HAHAHA I kill me....maybe it's time to up my meds 
Maybe Snow Dragon should give David a call and see if he'll endorse their product. Now _*THAT*_ would be a good marketing strategy.


----------



## Mark Oomkes

JohnnyRoyale;594687 said:


> Frig, they're passing bylaws to prevent chlorinated pool water being pumped into sewers, I can see this getting real ugly if/when David Suzuki catches wind.


LMAO, yet they treat municipal water with chlorine to kill the bacteria and algae.

Why oh why do we elect and allow these idiots to run our countries??????? :realmad:


----------



## Neige

JohnnyRoyale;594687 said:


> Frig, they're passing bylaws to prevent chlorinated pool water being pumped into sewers, I can see this getting real ugly if/when David Suzuki catches wind.


Thanks Johnny, David probable has some kind of email alert every time his name pops up.
I can see him working on a story as we speak. But then again, he may see thats its better than what we have been doing all along. A lot of energy gets wasted hauling snow. Then there are the dumps that are re stacking the dumped snow, not to mention the high concentration of contaminants at these sites.



TCLA;594734 said:


> Pardon me, but won't the contaminants in the snow piles eventually make their way into the storms through their natural occurrence of melting? Maybe these units contaminate the snow further through it's process?!?

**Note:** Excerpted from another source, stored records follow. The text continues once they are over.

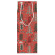 Nordic Green and White Tree Pattern on Red Wine Gift Bag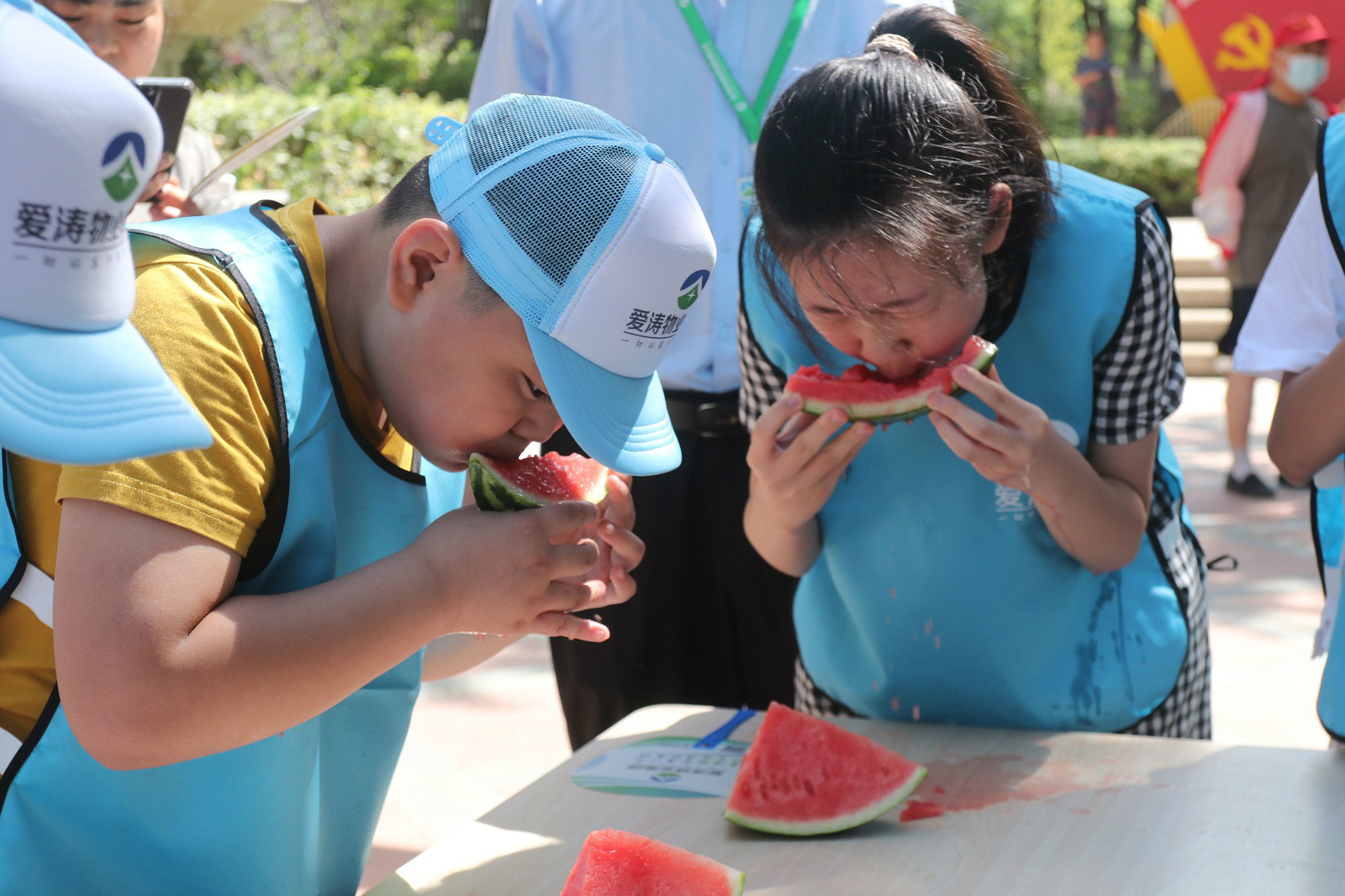 率先吃完西瓜的业主们开心地举起了手,并在服务台领取奖励,家长们在一旁看着孩子们开心的模样,甚是喜悦,拿起手机拍照记录这一幸福瞬间,都表示非常喜爱和期待夏天的吃西瓜活动,已经成为了孩子们暑假的快乐源泉之一,希望能够将其继续延续下去。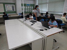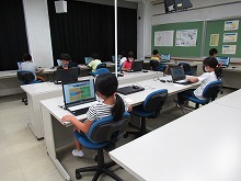 子どもたちが好きなキャラクターが登場するソフトを使って、ゲーム感覚で練習しました。キーボードをすらすら打つことができるよう、がんばりましょう。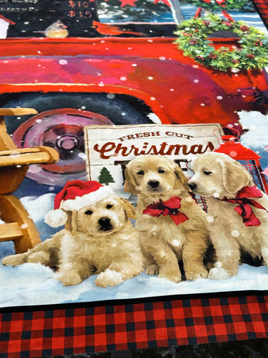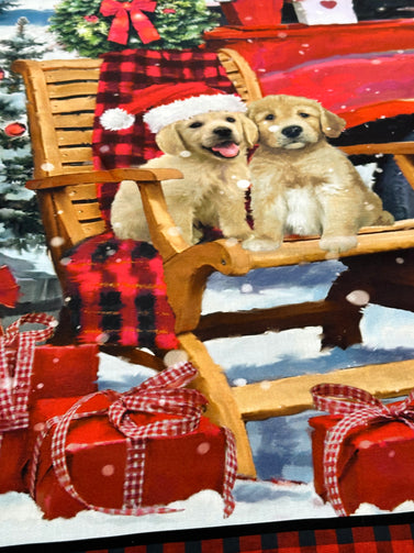 This is the cutest Golden Christmas that just released from Northcott Fabrics it finishes at 66”x73” this is a good sized quilt the ever popular buffalo plaid and the cutest golden retrivers makes this a adorable easy quilt kit make it for a friend or for yourself! all is pre cut with Northcott premium fabrics! top binding and pattern ask us about backing

The answer is yes to part one and no to part two. The TreCan model will add contaminates because its fire to water, some nasty stuff gets produced. It also uses way more fuel to melt the same quantities of snow as Snow Dragon


TCLA;594737 said:


> [/COLOR]
> 
> Of course.......isn't this normally the case?


Yep, until they become desperate, then suddenly its a great idea. Its up to Snow Dragon to get the municipalities to ok the process.


----------



## JohnnyRoyale

To reach David Suzuki's office: contact his Executive Assistant Elois Yaxley via fax: (604) 730-9672


----------



## JohnnyRoyale

Thread's fixed-SnoDawg broke it! LOL


----------



## Neige

And I thought it was your fault Johnny, after you mentioned David Suzuki, the problems began.
SnoDawgs last post got deleted, and I never got to read Marks post.


----------



## SnoDawgs

JohnnyRoyale;596267 said:


> Thread's fixed-SnoDawg broke it! LOL


----------



## Mark Oomkes

Neige;596280 said:


> SnoDawgs last post got deleted, and I never got to read Marks post.


I think it was deleted because I didn't type it in Chinese. The censors didn't approve of it being in English.  

Just for grins, think I'll try French next time.


----------



## Neige

Une grand merci Marc, 

FONDOIRS DE NEIGE SNOW DRAGON®

Le Snow Dragon® lance une rÉvolution dans le mode d’enlÈvement de la neige. Ce matÉriel commercial de fusion de neige (brevets en instance) mettra fin À l’empilement de neige, mÊme dans les conditions les plus rudes.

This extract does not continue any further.